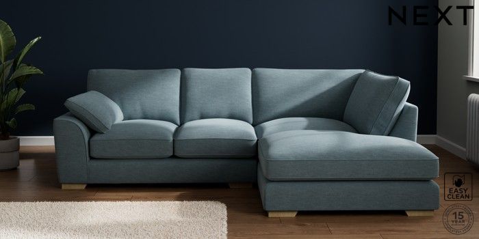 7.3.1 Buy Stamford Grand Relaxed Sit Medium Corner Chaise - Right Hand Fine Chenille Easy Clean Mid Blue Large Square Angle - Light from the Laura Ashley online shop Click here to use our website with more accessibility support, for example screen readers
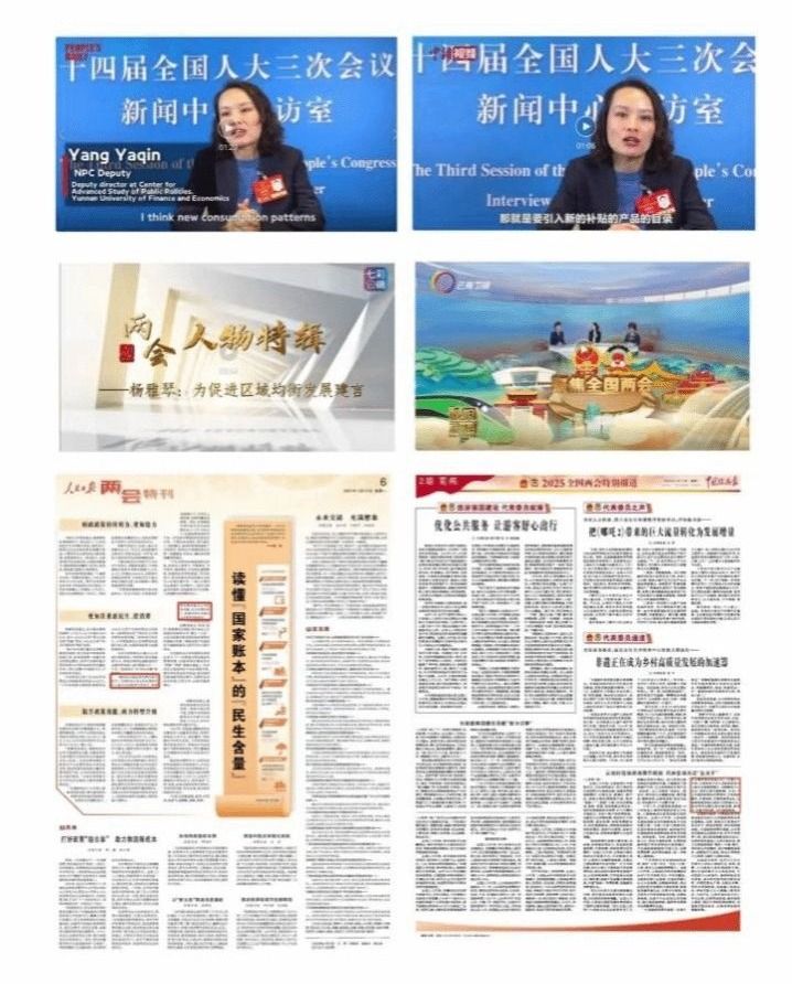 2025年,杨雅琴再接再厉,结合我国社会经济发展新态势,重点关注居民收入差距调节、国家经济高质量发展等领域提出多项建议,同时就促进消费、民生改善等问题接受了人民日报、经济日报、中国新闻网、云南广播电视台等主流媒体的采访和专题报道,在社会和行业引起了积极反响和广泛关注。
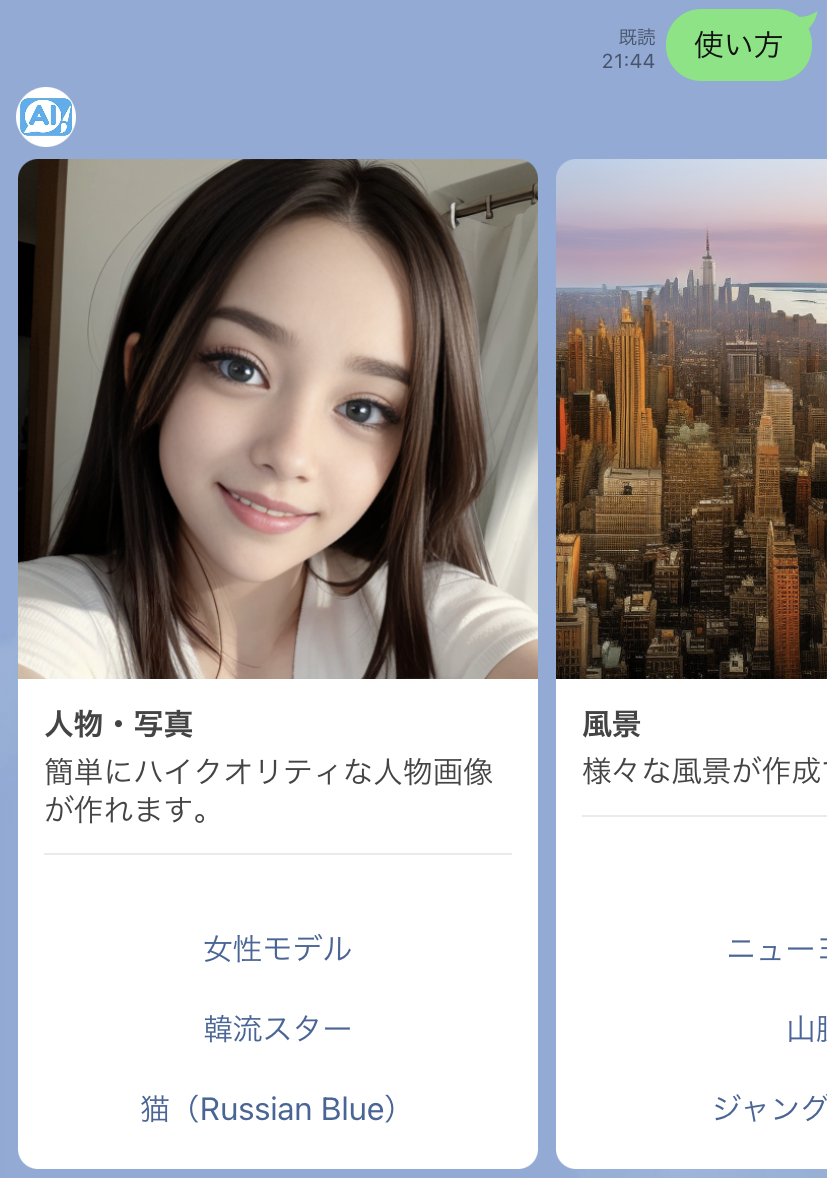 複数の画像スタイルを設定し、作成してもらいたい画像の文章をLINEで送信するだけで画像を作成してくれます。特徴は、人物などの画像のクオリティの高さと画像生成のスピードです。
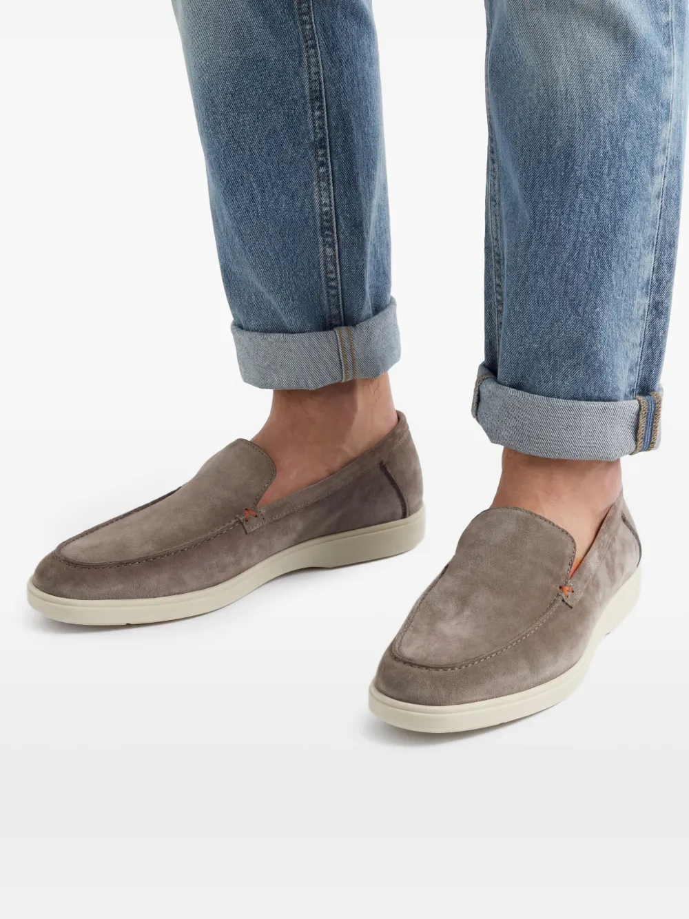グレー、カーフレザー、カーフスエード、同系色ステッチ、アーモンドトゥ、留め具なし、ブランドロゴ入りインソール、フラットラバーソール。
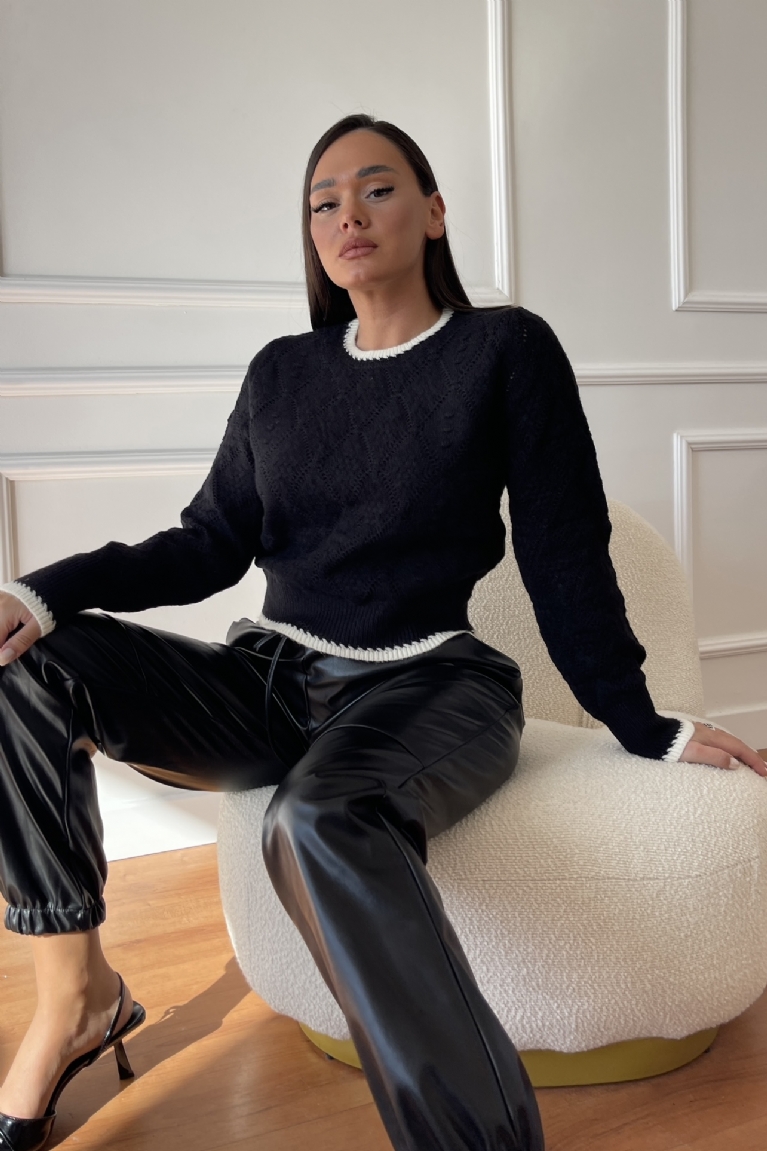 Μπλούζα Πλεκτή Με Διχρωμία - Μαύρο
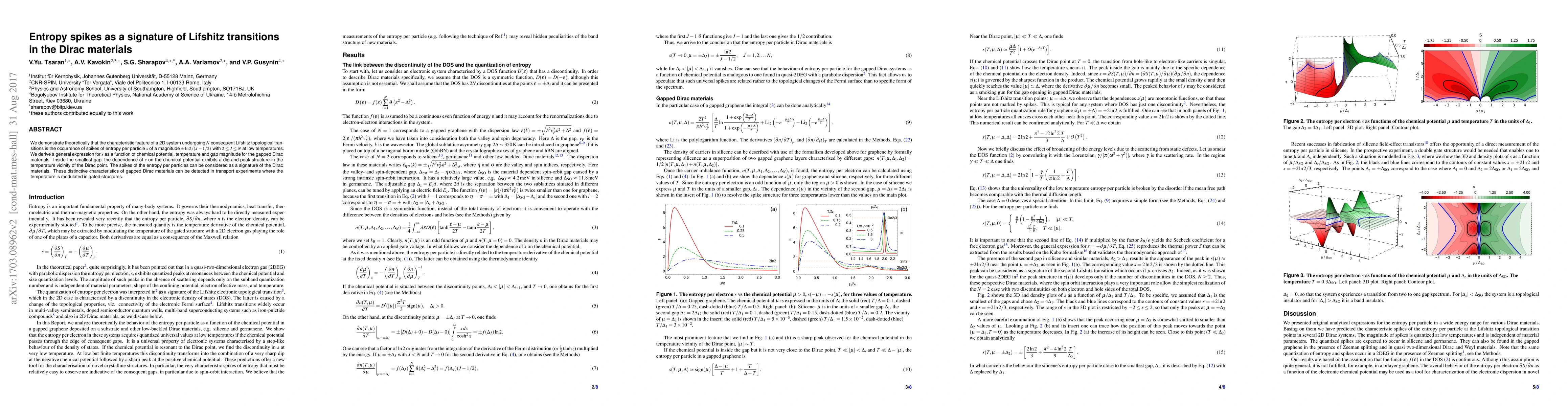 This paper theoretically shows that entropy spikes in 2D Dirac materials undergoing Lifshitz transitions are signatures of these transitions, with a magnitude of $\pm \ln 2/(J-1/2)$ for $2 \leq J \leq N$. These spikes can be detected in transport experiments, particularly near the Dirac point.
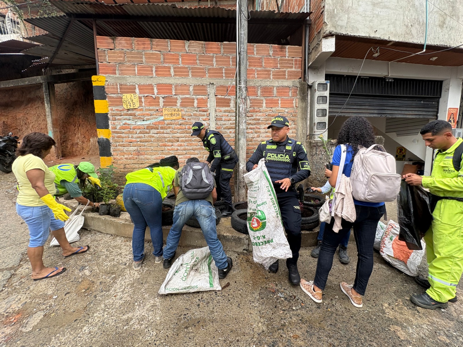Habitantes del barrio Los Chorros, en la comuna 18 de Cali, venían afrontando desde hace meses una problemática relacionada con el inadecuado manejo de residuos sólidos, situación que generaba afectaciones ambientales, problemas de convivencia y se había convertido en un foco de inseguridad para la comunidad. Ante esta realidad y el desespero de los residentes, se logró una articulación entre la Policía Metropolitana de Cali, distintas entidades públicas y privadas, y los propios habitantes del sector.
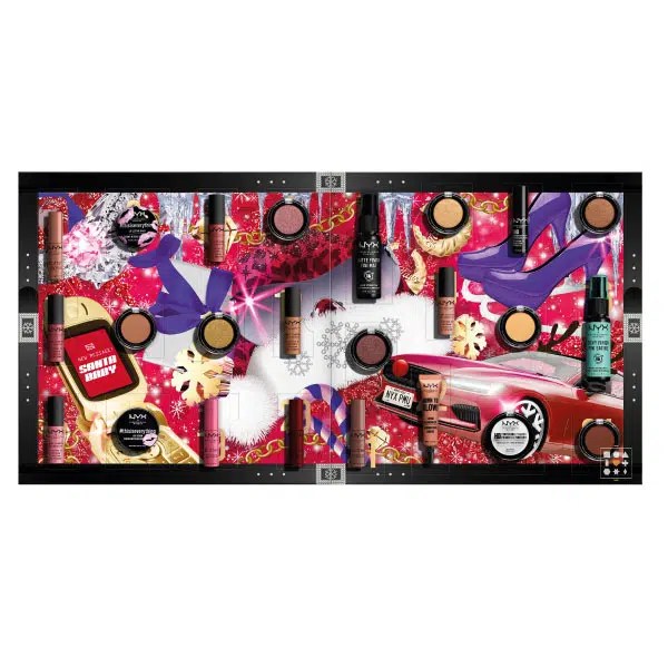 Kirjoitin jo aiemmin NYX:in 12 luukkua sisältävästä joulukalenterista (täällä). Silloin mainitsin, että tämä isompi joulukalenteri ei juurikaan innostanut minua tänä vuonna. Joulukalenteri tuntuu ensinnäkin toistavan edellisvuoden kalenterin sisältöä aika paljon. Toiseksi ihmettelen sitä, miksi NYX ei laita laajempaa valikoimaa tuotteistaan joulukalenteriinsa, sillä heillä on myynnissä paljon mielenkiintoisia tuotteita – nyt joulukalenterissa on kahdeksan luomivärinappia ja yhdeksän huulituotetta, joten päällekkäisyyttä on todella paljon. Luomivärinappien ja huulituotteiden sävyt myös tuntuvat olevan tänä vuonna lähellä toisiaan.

━━━

* _TASK PROMPT_
Using the entries above, extract exactly the lines from the one that contains "グレー、カーフレザー、カーフ" through the one that contains "Habitantes del barrio". Do not carry over any pictures.

* _RESPONSE_
グレー、カーフレザー、カーフスエード、同系色ステッチ、アーモンドトゥ、留め具なし、ブランドロゴ入りインソール、フラットラバーソール。
 Μπλούζα Πλεκτή Με Διχρωμία - Μαύρο
 This paper theoretically shows that entropy spikes in 2D Dirac materials undergoing Lifshitz transitions are signatures of these transitions, with a magnitude of $\pm \ln 2/(J-1/2)$ for $2 \leq J \leq N$. These spikes can be detected in transport experiments, particularly near the Dirac point.
Habitantes del barrio Los Chorros, en la comuna 18 de Cali, venían afrontando desde hace meses una problemática relacionada con el inadecuado manejo de residuos sólidos, situación que generaba afectaciones ambientales, problemas de convivencia y se había convertido en un foco de inseguridad para la comunidad. Ante esta realidad y el desespero de los residentes, se logró una articulación entre la Policía Metropolitana de Cali, distintas entidades públicas y privadas, y los propios habitantes del sector.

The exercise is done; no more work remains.